● **Information supplied**:
"""
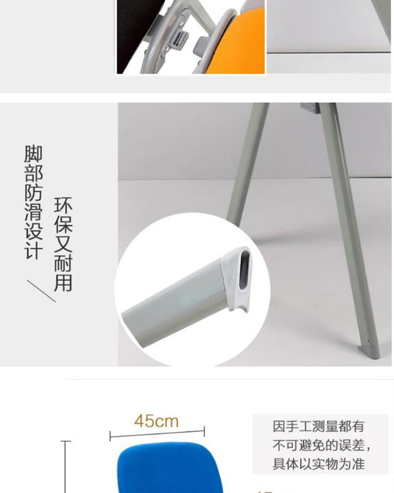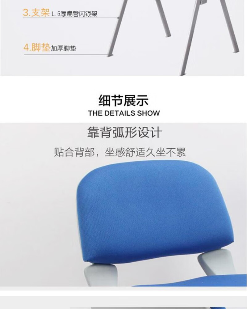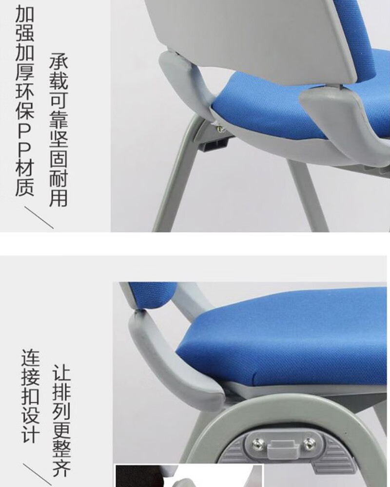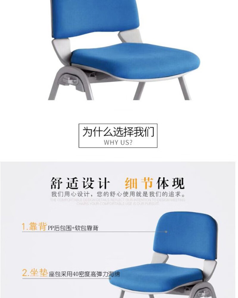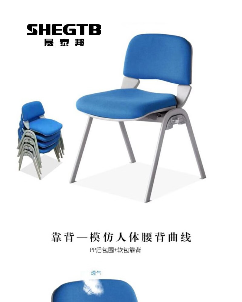 晟泰邦 时尚简约塑料培训椅堆叠记者职员办公椅会议椅子 蓝色软包靠背 单位:张
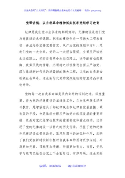 / 党课讲稿:以自我革命精神抓实抓牢党纪学习教育
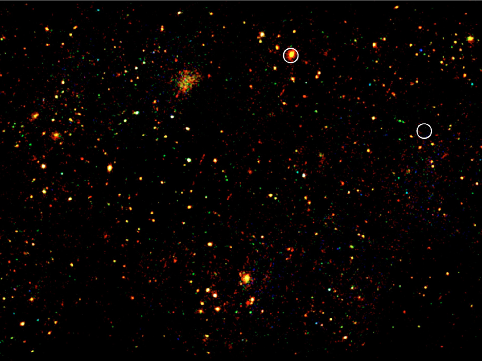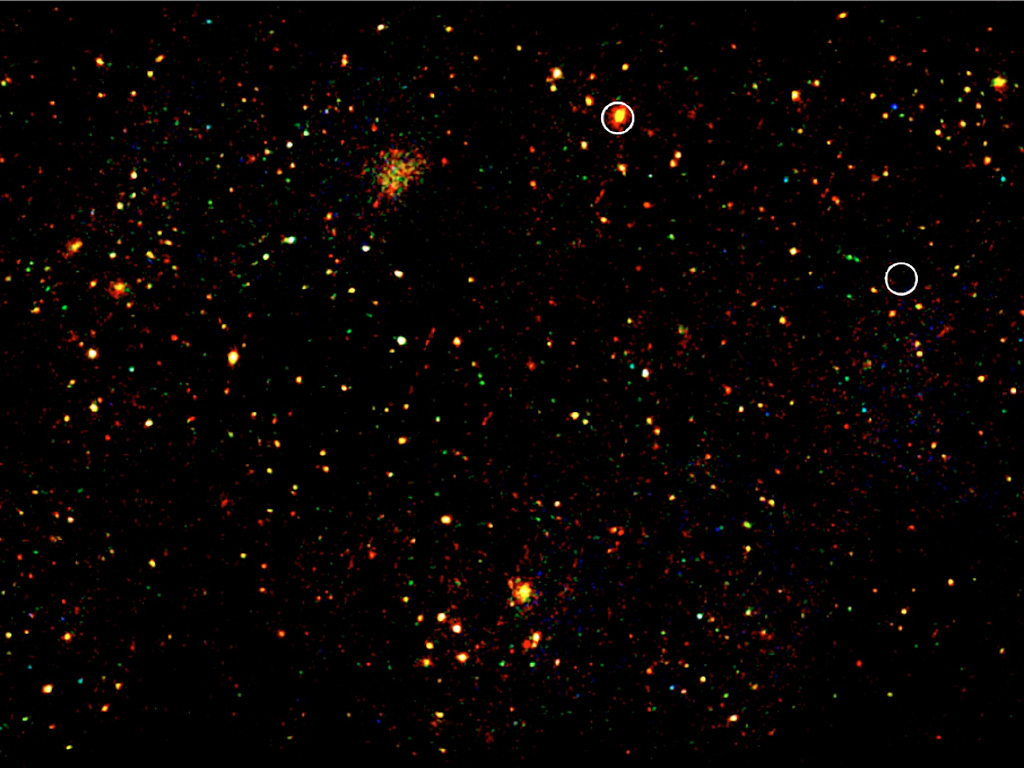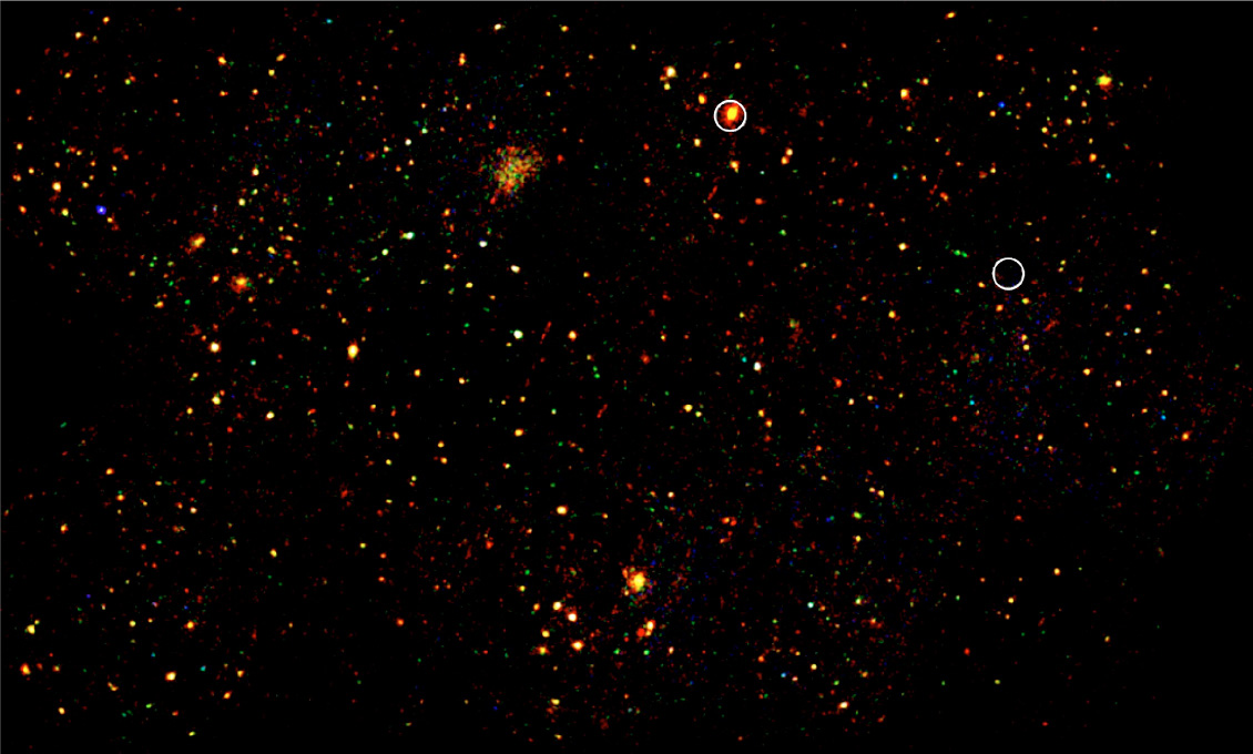 First image from the XMM-LSS X-Ray survey. It is actually a combination of fourteen separate "pointings" of this space observatory. It represents a region of the sky eight times larger than the full Moon and contains around 25 clusters. The circles represent the X-Ray sources previously known from the 1991 ROSAT All-Sky Survey.
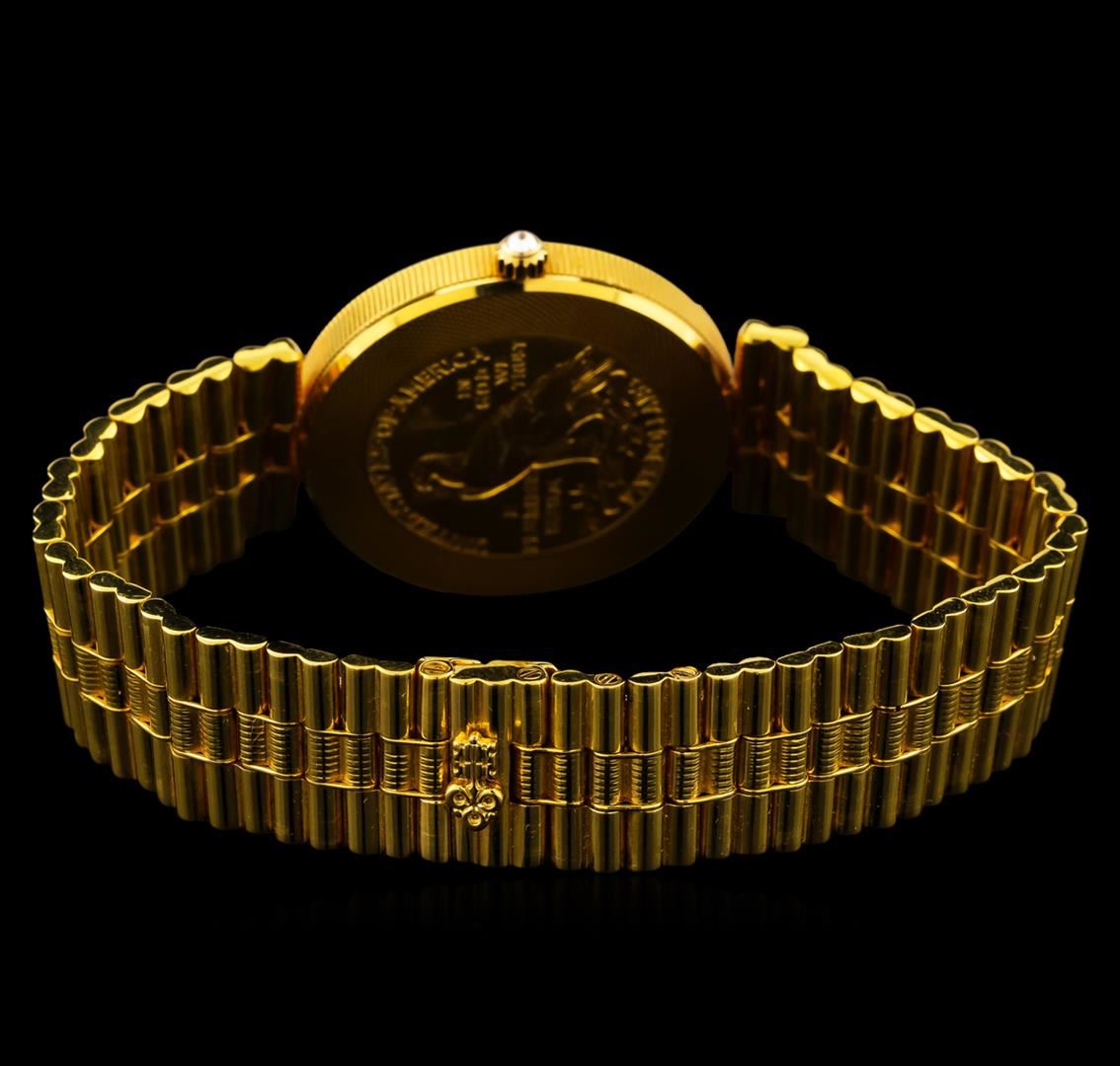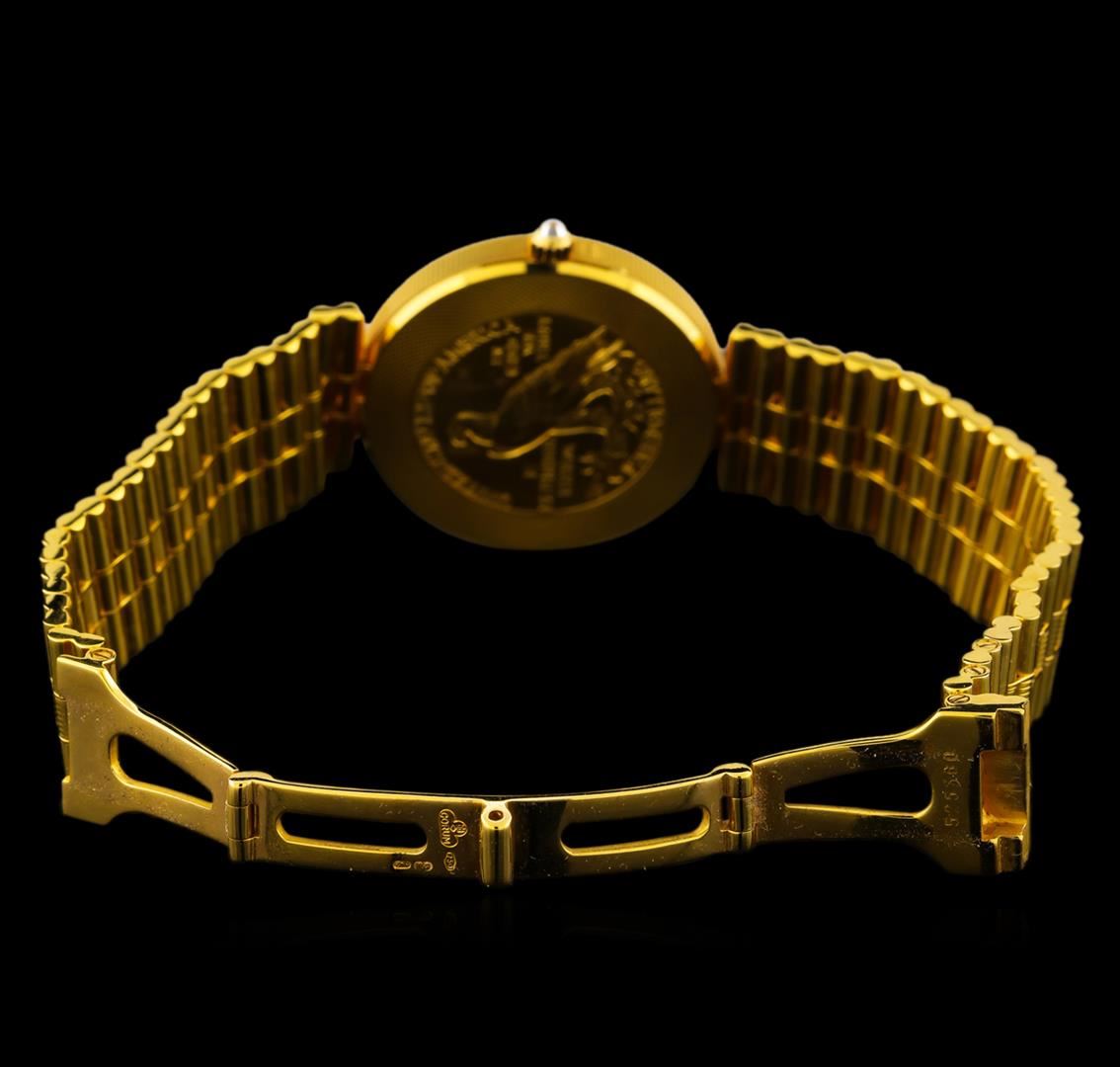 One Corum Five Dollar Indian Head watch featuring: Case: 31mm 18KT yellow gold. Case Shape: Round. Bezel: Engraved gold. Crystal: Sapphire. Dial: Gold $5 US Indian Head coin with diamonds and red, white, and blue accents and pointed baton-type hands. Band: 18KT yellow gold Corum band with clasp. Condition: light wear on the band but otherwise near perfect condition.
"""
● **Exercise**:
Word for word, restate all of the material, omitting the images.

● **Response area**:
 晟泰邦 时尚简约塑料培训椅堆叠记者职员办公椅会议椅子 蓝色软包靠背 单位:张
 / 党课讲稿:以自我革命精神抓实抓牢党纪学习教育
 First image from the XMM-LSS X-Ray survey. It is actually a combination of fourteen separate "pointings" of this space observatory. It represents a region of the sky eight times larger than the full Moon and contains around 25 clusters. The circles represent the X-Ray sources previously known from the 1991 ROSAT All-Sky Survey.
 One Corum Five Dollar Indian Head watch featuring: Case: 31mm 18KT yellow gold. Case Shape: Round. Bezel: Engraved gold. Crystal: Sapphire. Dial: Gold $5 US Indian Head coin with diamonds and red, white, and blue accents and pointed baton-type hands. Band: 18KT yellow gold Corum band with clasp. Condition: light wear on the band but otherwise near perfect condition.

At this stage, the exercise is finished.